Your answer must be the lines from the start of the records through the line with "Linn County Parks", exactly as written, without the pictures.

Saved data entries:
★ ★ ★ ★ ★

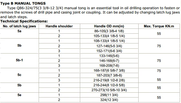 TYPE B MANUAL TONGS
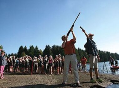 Linn County Parks and Recreation Director Brian Carroll,, served as guest starter for the men’s Sprint Triathlon Saturday…
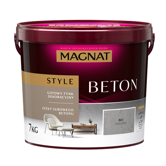 MAGNAT Style Beton to gotowy do użycia tynk dekoracyjny stosowany do nakładania oraz modelowania powierzchni pozwalający uzyskać efekt surowego betonu. Tynk przeznaczony jest do ręcznego i natryskowego nakładania wewnątrz pomieszczeń mieszkalnych, biurowych i użyteczności publicznej. Może być stosowany na różnych podłożach. m. in. tynki cementowo-wapienne, beton, płyty gipsowo-kartonowe oraz wszelkie podłoża po ich wcześniejszym przygotowaniu.
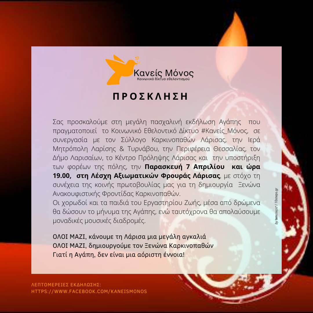Με πρωτοβουλία του Κοινωνικού Εθελοντικού Δικτύου #Κανείς Μόνος» και συνδιοργανωτές, την Ιερά Μητρόπολη Λαρίσης & Τυρνάβου, την Περιφέρεια Θεσσαλίας, τον Δήμο Λαρισαίων, τον Σύλλογο Καρκινοπαθών ν. Λάρισας και τη στήριξη των φορέων της πόλης, του Ιατρικού Συλλόγου Λάρισας, του Φαρμακευτικού Συλλόγου, του Δικηγορικού Συλλόγου , του Εμπορικού Συλλόγου, του Κέντρου Πρόληψης ΟΚΑΝΑ, των ΠΡΟΣΥΦΛΑ και ΣΟΦΛΑ, της Συντεχνίας Αρτοποιών Λάρισας θα πραγματοποιηθεί μια ξεχωριστή εκδήλωση Αλληλεγγύης, την Παρασκευή 7 Απριλίου από ώρα 10 πρωί μέχρι 22.00 το βράδυ στη Λέσχη Αξιωματικών Φρουράς Λάρισας, σε συνέχεια της μεγάλης Χριστουγεννιάτικης εκδήλωσης για την δημιουργία Ξενώνα Καρκινοπαθών στη Λάρισα.
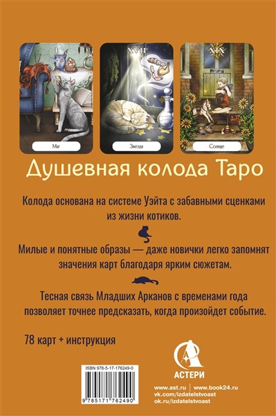 Автор Ольга Соллар и художница Екатерина Широкова создали уникальное Таро, где каждый Аркан оживает в образах озорных, мудрых и трогательных котиков. Колода основана на системе Уэйта, но вместо классических символов — забавные сценки из жизни котов: они охотятся за солнечными зайчиками, воруют колбасу, дерутся за территорию или сладко спят, свернувшись калачиком.
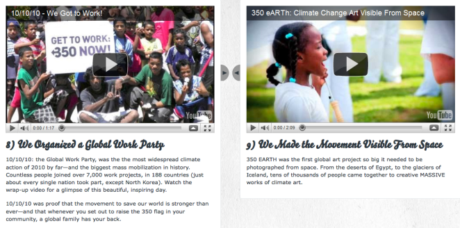 Fig. 2 Some of the recent projects where 350.org has combined the power of art and social media globally to respond to climate change (source: www.350.org, 2011)

★ ★ ★ ★ ★

◆ **Answer box**:
 TYPE B MANUAL TONGS
 Linn County Parks and Recreation Director Brian Carroll,, served as guest starter for the men’s Sprint Triathlon Saturday…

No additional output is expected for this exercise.